Sutphin is transparent not only about the types of services it offers its clients, but also about the price it charges for those services. There’s a full list of fees from his website, opendoorsfp.com, and he’s partnered with a team of investment experts to help clients who might need help determining the best places to put their money. .
“I work with a team of people who do nothing but the investment strategy,” he said. “I have a network of people I work with to generate ideas and stay up to date. I’m not alone.”
For those looking for an advisor who will put their interests first, focused on achieving client goals and not just fees, Open Doors is an attractive option over larger firms that cannot offer the same kind of touch. personal, and generally provide inferior touch services for their price. Sutphin is also excited about the opportunity to provide his services in Southern Virginia, where he can make a difference and offer his talents in an area close to his heart, where he grew up.
“My profession has made an art of hiding how much they pay advisers,” Sutphin said. “So part of (the benefit of working with Open Doors) pays off. I believe that at a certain point we are not adding value, and it is more prudent to do things at cost. In terms of customer service, you can go to these big companies. If you just make investments and nothing else, they’re going to knock me out of the market all day. But if you want that personalized customer service, where you’re not just a customer – I know I work with you, I know your money, I know your story, I know your family, and I know where you want to go. When you call me and say, “I have this problem,” you’re not just talking to someone who has to relearn your situation every time. You talk to someone who says, “I understand.” I can help.'”

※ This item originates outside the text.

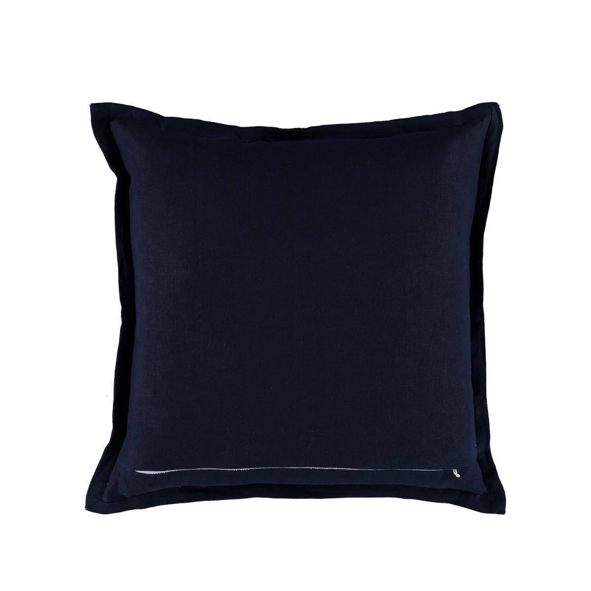 Richly coloured embroidered yarns all but cover this Suzani inspired linen cushion. Finished with a smart Indigo trimmed border and reverse. Supplied with its feather insert pad.

“One of my visions is not to charge customers more just because I can,” he continued. “I believe in a fair and equitable pricing structure. When I work with clients, I try to make sure I’m transparent about it. My prices are on my website. And I feel like the region is stagnating with young talent coming to the region. I want to bring all the knowledge I have acquired back home to grow the community, because there is a lot of potential here. I just feel like it’s neglected.